### PROBLEM TO WORK ON
Copy every line of the data exactly, keeping out any picture.
◆ ◆ ◆ ◆
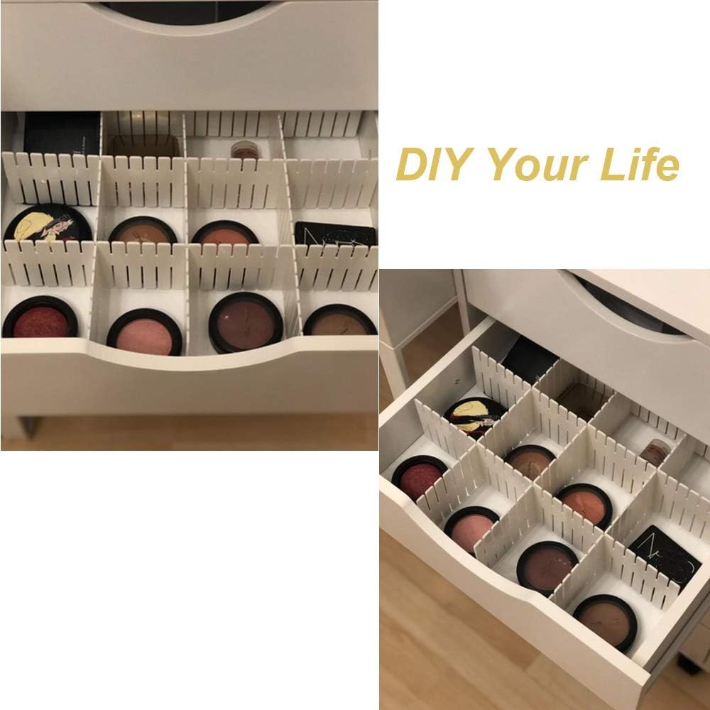 DIY Drawer Dividers, Youngine 8pcs Adjustable Storage 32X7CM, White Product Details Specific Uses For Product: Cosmetics Material: Plastic Special Feature: Adjustable Color: White Brand: Youngine Shape: Rectangular Customer Package Type: Multi-pack Number of Items: 8 Maximum Weight Recommendation: 1000 Grams Manufacturer: Youngine Part Number: ZLB-W Item Weight: 9.5 ounces Product Dimensions: 0.04 x 12.6 x 2.76 inches Item model number: 1 Size: 32X7CM Item Package Quantity: 1 Special Features: Adjustable Batteries Included?: No Batteries Required?: No Specific Uses For Product: Cosmetics Material: Plastic Special Feature: Adjustable Color: White Brand: Youngine Shape: Rectangular Customer Package Type: Multi-pack Number of Items: 8 Maximum Weight Recommendation: 1000 Grams Mounting TypeItem Weight: Insert Mount270 Grams Environment-Friendly Materials: Our plastic drawer partitions are made of high-quality, safe and environment-friendly PP materials, strong and durable, which can maintained in good condition for a longer time. DIY Combination: Easy to assemble. According to the different needs, you can DIY the suitable length for storage space flexibly. Easy to install: NO need nail, No need the glue, you can install by yourselves, and it's possible to set different shape to suitable for the different little objects Widely Application: Perfect for drawers/cabinet in your office, home and kitchen. It can be used for storage your office supplies, necktie, belt, underwear, scarf, cosmetics, knife and fork etc. Package: Pack of 8pcs, and each piece is 32 x 7 cm ( 12.6 x 2.8inch ). And you can cut the length you need. Easy to Use: *Step 1: Measuring storage space *Step 2: Cut the plastic drawer partitions to the needed length *Step 3: Splicing drawer organizer by upper and lower grooves and store items Specifications: *Material: Plastic *Color: White *Each piece size: 32 x 7 cm ( 12.6 x 2.8inch ) *Package weight: 0.3KG Package: *8pcs Drawer organizer
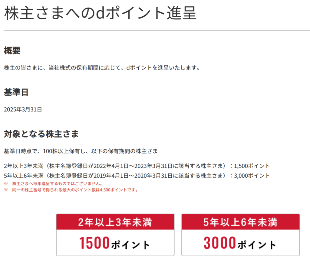 100株以上2年以上3年未満dポイント 1,500ポイント
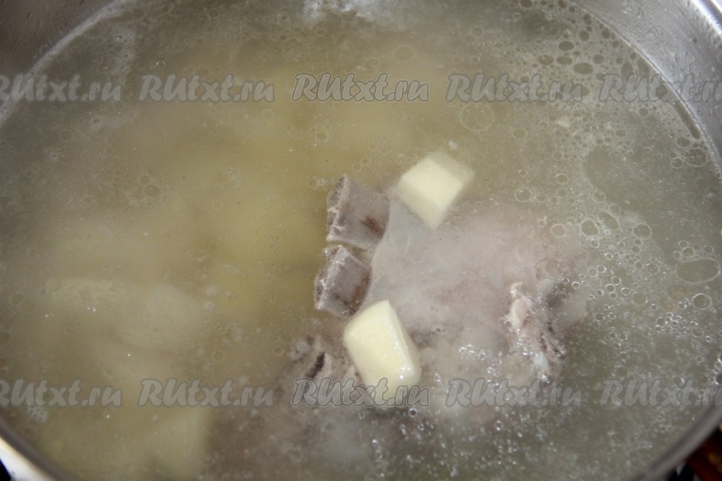 Очищенный картофель нарезаем кубиками и отправляем в мясной бульон. Провариваем 5 минут.
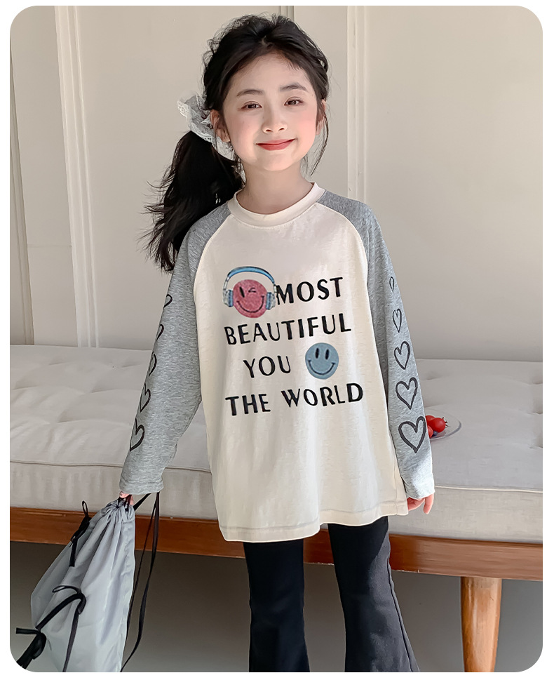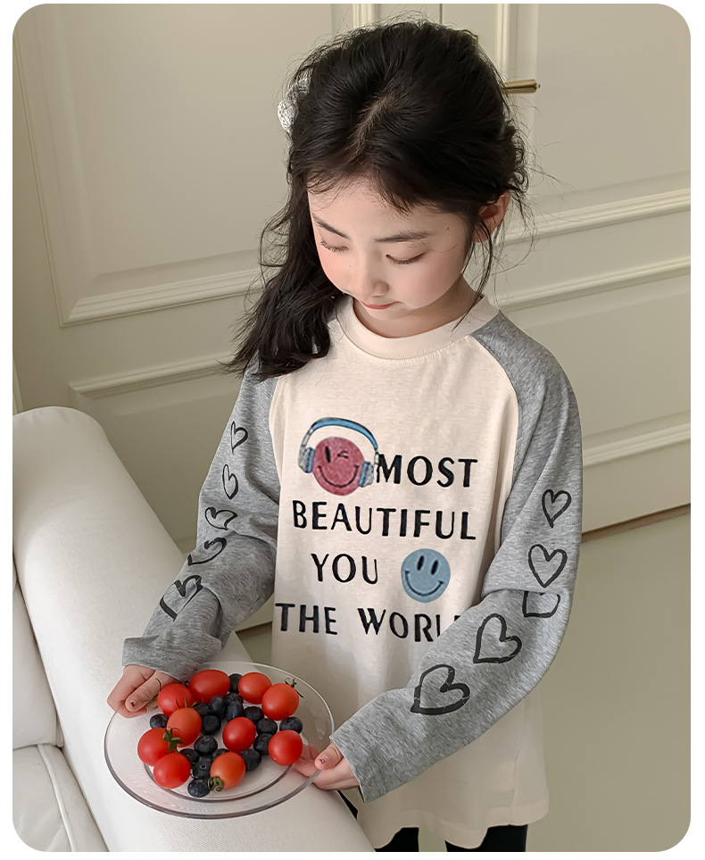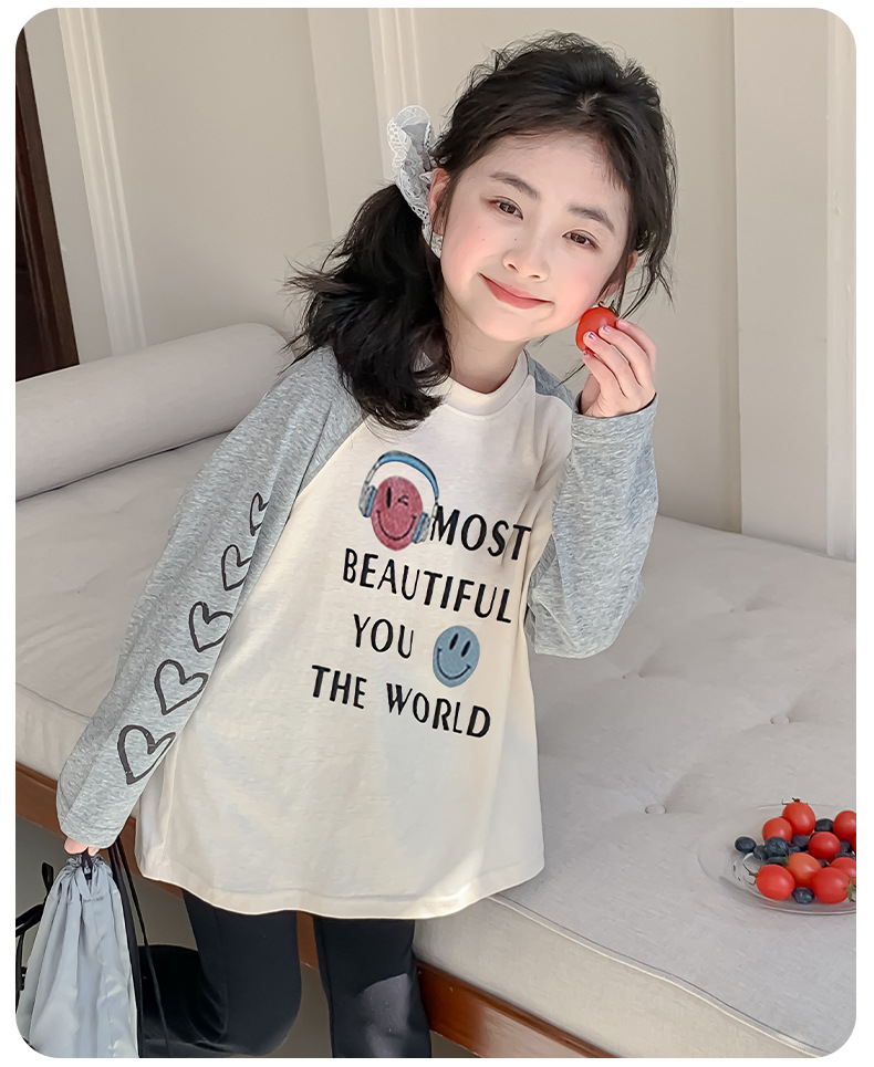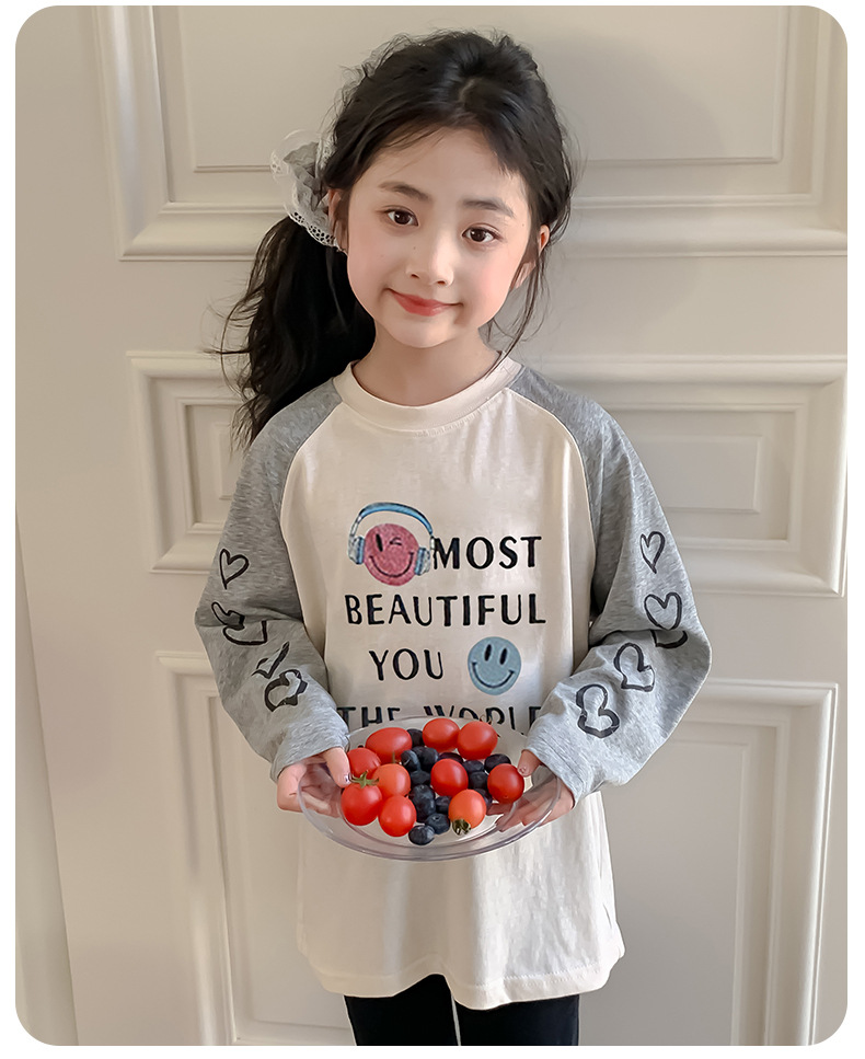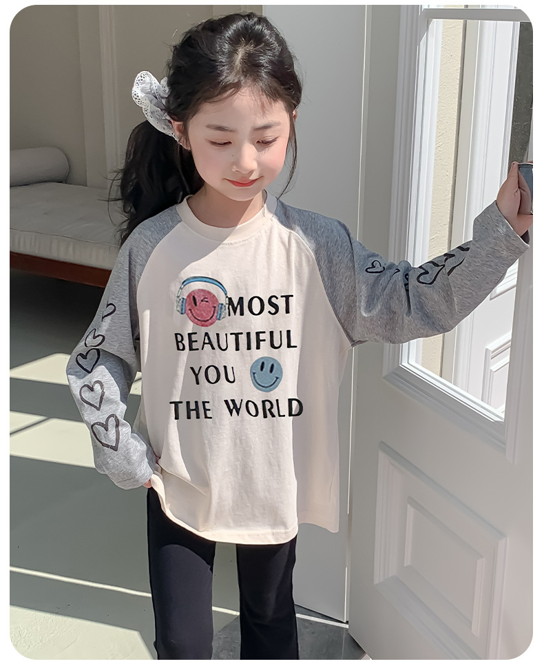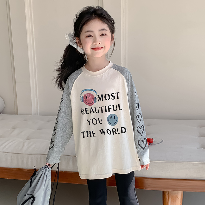 소녀 봄 긴팔 티셔츠 2025 큰 어린이 새 한국 편지 인쇄 느슨한 아동면 티셔츠 도매스토어 가기
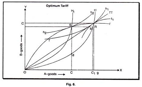 The following figure 6 explains the existence of some optimum tariff level. (R) is free trade equilibrium. At that point the volume of trade is og of A-good and oc of the B-good, and the terms of trade are given by the slope of line TP. The home country (II) now wishes to impose a tariff that will maximize its community welfare, i.e. place it on the highest possible trade indifference curve assuming no retaliation on the part of the foreign, country. Under free trade conditions at (R) country (H) attains the trade indifference level (h1) which crosses the foreign offer curve (OF) at (R) and at some other point (T).
◆ ◆ ◆ ◆
### OUTPUT OF THE EXERCISE
 DIY Drawer Dividers, Youngine 8pcs Adjustable Storage 32X7CM, White Product Details Specific Uses For Product: Cosmetics Material: Plastic Special Feature: Adjustable Color: White Brand: Youngine Shape: Rectangular Customer Package Type: Multi-pack Number of Items: 8 Maximum Weight Recommendation: 1000 Grams Manufacturer: Youngine Part Number: ZLB-W Item Weight: 9.5 ounces Product Dimensions: 0.04 x 12.6 x 2.76 inches Item model number: 1 Size: 32X7CM Item Package Quantity: 1 Special Features: Adjustable Batteries Included?: No Batteries Required?: No Specific Uses For Product: Cosmetics Material: Plastic Special Feature: Adjustable Color: White Brand: Youngine Shape: Rectangular Customer Package Type: Multi-pack Number of Items: 8 Maximum Weight Recommendation: 1000 Grams Mounting TypeItem Weight: Insert Mount270 Grams Environment-Friendly Materials: Our plastic drawer partitions are made of high-quality, safe and environment-friendly PP materials, strong and durable, which can maintained in good condition for a longer time. DIY Combination: Easy to assemble. According to the different needs, you can DIY the suitable length for storage space flexibly. Easy to install: NO need nail, No need the glue, you can install by yourselves, and it's possible to set different shape to suitable for the different little objects Widely Application: Perfect for drawers/cabinet in your office, home and kitchen. It can be used for storage your office supplies, necktie, belt, underwear, scarf, cosmetics, knife and fork etc. Package: Pack of 8pcs, and each piece is 32 x 7 cm ( 12.6 x 2.8inch ). And you can cut the length you need. Easy to Use: *Step 1: Measuring storage space *Step 2: Cut the plastic drawer partitions to the needed length *Step 3: Splicing drawer organizer by upper and lower grooves and store items Specifications: *Material: Plastic *Color: White *Each piece size: 32 x 7 cm ( 12.6 x 2.8inch ) *Package weight: 0.3KG Package: *8pcs Drawer organizer
 100株以上2年以上3年未満dポイント 1,500ポイント
 Очищенный картофель нарезаем кубиками и отправляем в мясной бульон. Провариваем 5 минут.
 소녀 봄 긴팔 티셔츠 2025 큰 어린이 새 한국 편지 인쇄 느슨한 아동면 티셔츠 도매스토어 가기
 The following figure 6 explains the existence of some optimum tariff level. (R) is free trade equilibrium. At that point the volume of trade is og of A-good and oc of the B-good, and the terms of trade are given by the slope of line TP. The home country (II) now wishes to impose a tariff that will maximize its community welfare, i.e. place it on the highest possible trade indifference curve assuming no retaliation on the part of the foreign, country. Under free trade conditions at (R) country (H) attains the trade indifference level (h1) which crosses the foreign offer curve (OF) at (R) and at some other point (T).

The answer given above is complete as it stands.